Я очнулся и почувствовал как мне тяжело дышать и пальцы моей руки буквально свело на передней луке седла, будто они вросли в медную окантовку. Я тряхнул головой чтоб разогнать туман поплывший в глазах, спрыгнул с коня совершенно не видя земли и болезненный удар пятками о камни мостовой все же привел меня в нормальные чувства.

– Дион, ты чего-то сам не свой. Ну-ну, успокойся, все будет хорошо, – придержал моего коня за повод уже стоящий на земле Артос.

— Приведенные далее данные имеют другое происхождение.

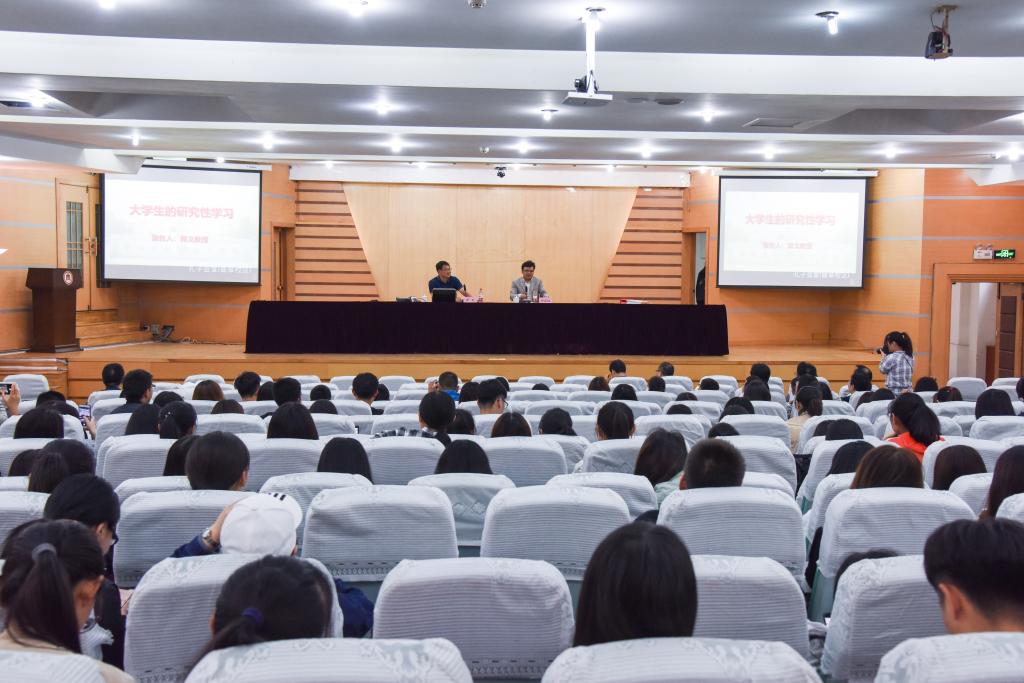 报告中,郭戈以“大学生的研究性学习”为主题,结合自身的学术研究经历,与在场师生分享了如何进行研究性学习。他从“学习+研究+活动”三个方面对如何度过一个丰富、充实的本科或研究生生活进行了介绍,强调学习好课程、做好学术研究、锻炼好身体“三部曲”相统一,倡导大学生做一个研究者、创新者和发现者。

Я огляделся. Мы находились у трактира, стоящего, как и говорил Артос, в двух шагах от Портовой площади. Наших коней подхватил трактирный служка – парень лет четырнадцати с взлохмаченными светло-русыми волосами и помятым от недосыпа лицом, к которому крепко прилипло несколько соломинок. Он отвел жеребцов куда-то за угол ворча себе под нос что-то о несправедливости и людской жадности.

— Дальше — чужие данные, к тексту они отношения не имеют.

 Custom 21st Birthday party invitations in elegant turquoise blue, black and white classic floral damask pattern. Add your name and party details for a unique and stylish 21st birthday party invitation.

– Не беспокойся, о конях хорошо позаботятся, – проговорил Артос, – пойдем, посмотрим что на площади происходит. Кто ж этих гостей заморских знает – может уже прибывают, а может до вечера нам стоять в ожидании придется.

Площадь открылась перед нами во всю ширь внезапно, словно ловкая хозяйка одним резким движением застелила огромный стол свежей скатертью.

Здесь была когда-то обычная, хоть и очень большая, торговая пристань. Потом, когда государство стало богатым и мощным, пристань и торговые склады были перенесены дальше на восток от города, а на их месте возвели один из символов мощи Империи. Землю застелили дорогими видами гранита, четыре широченных пирса, выложенные белым нешлифованным мрамором, врезались на триста шагов в морскую гладь Тихого моря. Каждый пирс в конце был украшен высоченным маяком с круглой сигнальной площадкой на самой его вершине.

Выбеленные фасады домов, выходящих на площадь, были выполнены в великолепном, полном строгого шика, стиле – трехэтажные, с высокими двускатными крышами красной меди, и округлыми окнами с цветными витражами. Одинаковые по размеру и форме лепные балконы поддерживали снизу реалистично выполненные животные и мифические древние гиганты.

Площадь колоссально огромна! Однажды здесь проводился парад в честь свадебного союза ныне здравствующего, но уже слегка постаревшего императора Витольда V со старшей дочерью гранда Сига, Доротеей. Это был первый брак нашего Императора. Последующие три были организованы гораздо менее торжественно и помпезно…

Так вот! На том параде приняло участие тридцать тысяч воинов со всех концов империи, а это без малого почти половина всех войск, и все армейские колонны спокойно уместились на площади, оставив еще много свободного места для гражданских.

 

Напротив пирсов, возвышались угловыми квадратными башнями две цитадели. Даже если враг прорвется через высоченные, двадцатиметровые, городские каменные стены, то внутри этих укреплений, высота которых даже немного превышала городские, осажденным можно было сидеть до скончания веков. Укрепления выполняли роль казарм имперской гвардии – справа кавалерийской, слева морской. Стать гвардейцем – значит обеспечить себе карьеру с прекрасным и постоянным продвижением по службе – что и пророчат мне по окончании Академии все мои преподаватели.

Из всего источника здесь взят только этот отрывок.